Если было лицо, о котором говорила она с осуждением, — то была евангельская Мария Магдалина, малодушно с себя сложившая время сладких грехов и не нашедшая ничего лучшего, чем удалиться в пустыню Ливийскую в обществе лошадиного черепа. Сама она несла свои грехи с уверенностью атлета и готова была ими играть в бильбоке.
Даже лицо у ней изменилось вслед за душевной переменой, и в возрасте, когда другие дамы вынуждены прибегать к румянам и белладонне, снисходительность ее к людским слабостям способствовала дивному цвету лица и сиянию глаз. Ее теперь скорей можно было назвать хорошенькой, чем когда-нибудь. Ведьму она напоминала всегда, но, впав в детство, она скорей выступала злой феей из детской волшебной сказки, нежели Медузой, карающим ангелом с огненным мечом, побивающим принца Эрнста Теодора. Она сохранила свою эльфическую худобу и легкость, а что до искусства в танцах — она и сейчас на любом балу могла взять первый приз. Раздвоенное копытце ее было изящно раззолочено, как копытце Эсмеральдиной козочки. И в этом-то ореоле легкого безумия и странно воскресшей фантастической юности сидела она теперь, выплеснутая на сеновал в Нордернее, и оживленнейшим образом беседовала с кардиналом Гамилькаром.
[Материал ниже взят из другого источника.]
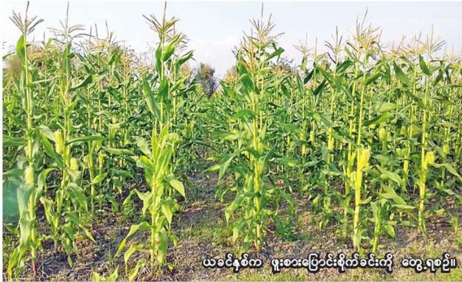
ယခင်နှစ်က ဖူးစားပြောင်းစိုက်ခင်းကို တွေ့ရစဉ်။

စစ်ကိုင်း ဧကတင်ဘာ ၂၀ စစ်ကိုင်းတိုင်းဒေသကြီး စစ်ကိုင်းခရိုင် မြင်းမူမြို့နယ်တွင် ယခုနှစ် မိုးသီးနှံစိုက်ပျိုးရာသီ၌ အစေ့ထုတ်ပြောင်းနှင့် ဖူးစားပြောင်း ၁၄၂၃ ဧက စိုက်ပျိုးပြီးစီးနေပြီဖြစ်ကြောင်း စစ်ကိုင်းခရိုင် စိုက်ပျိုးရေးဦးစီးဌာနမှ သိရသည်။ စစ်ကိုင်းတိုင်းဒေသကြီး စစ်ကိုင်းခရိုင် မြင်းမူမြို့နယ်တွင် ယခုနှစ် မိုးသီးနှံစိုက်ပျိုးရာသီ၌ အစေ့ထုတ်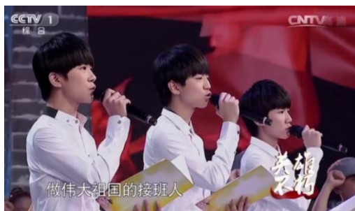
รูปที่ 4.9 เป็นตัวแทนกล่าวนำคำปฏิญาณตน

— Когда, еще юношей, я переехал на время в Кобленц вместе со двором герцога Шартрского, — произнес кардинал задумчиво, прерывая недолгое молчание, — я знавал великoгo Абильгора[52] и частенько сиживал по утрам у него в ателье. Когда придворные дамы являлись ему позировать, а не одна прекрасная женщина желала, чтобы он увековечил ее красоту, как часто я слышал: «Умойтесь, милые дамы. Сотрите с лица пудру, сурьму и помаду. Ведь если вы сами себя рисуете, как я буду вас рисовать?» Часто потом я думал об этих его словах. Мне казалось, что то же неустанно твердит Господь слабым и суетным смертным: «Умойтесь! ибо если вы сами разрисовываете ваши лица, толстым слоем накладывая на них смирение, самоотвержение, целомудрие и милосердие, — что же мне остается делать?» И вот сегодня, — продолжал старик и улыбнулся, ибо страшным ударом волн тут сотрясло сеновал, — Господь умывает нас собственной своею рукою, притом не жалея воды. Будем же искать утешения в мысли, что нет чести более высокой и счастья высшего, чем когда сам Господь пишет наши портреты. Вот к чему вечно стремятся люди и что называют бессмертием.
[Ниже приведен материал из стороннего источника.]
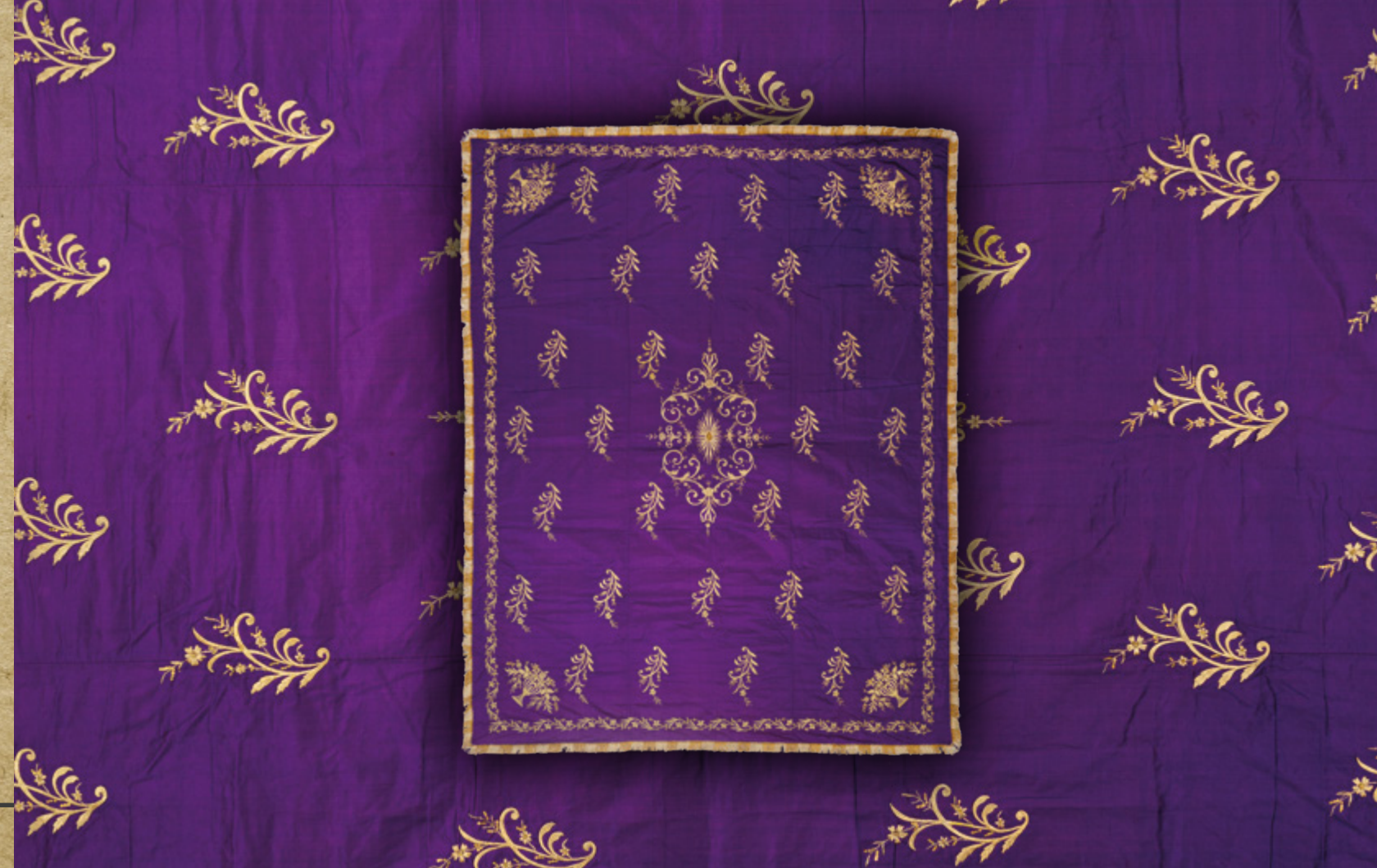
Ankara yöresi, İpek atlas dival işi Yatak örtüsü

Тут фрекен Малин чуть было не отпустила замечание о трудности этого предприятия применительно к лицу самого говорящего, но осеклась, не зная, сколь серьезное искажение благородных черт скрывают кровавые бинты.
Кардинал тотчас уловил эту мысль и сам ее выразил.
— Да, — сказал он. — Моему лицу Господь счел ныне нужным задать особенную мойку. Но разве не учили нас об очистительной силе крови? И я вам скажу, ваша милость, сила эта даже могущественней, чем мы подозревали. И, возможно, лицо мое нуждалось в такой обработке. Кому, как не Господу, знать, сколько румян и пудры я на него наложил за полвека? И знаете ли, ваша милость, я чувствую, что сейчас, когда я в этих бинтах, Господу сподручней писать мой портрет, чем когда-нибудь.
Фрекен Малин слегка покраснела, изобличенная в неосновательности, и ловко перевела беседу чуть-чуть назад, как переводят стрелки спешащих часов.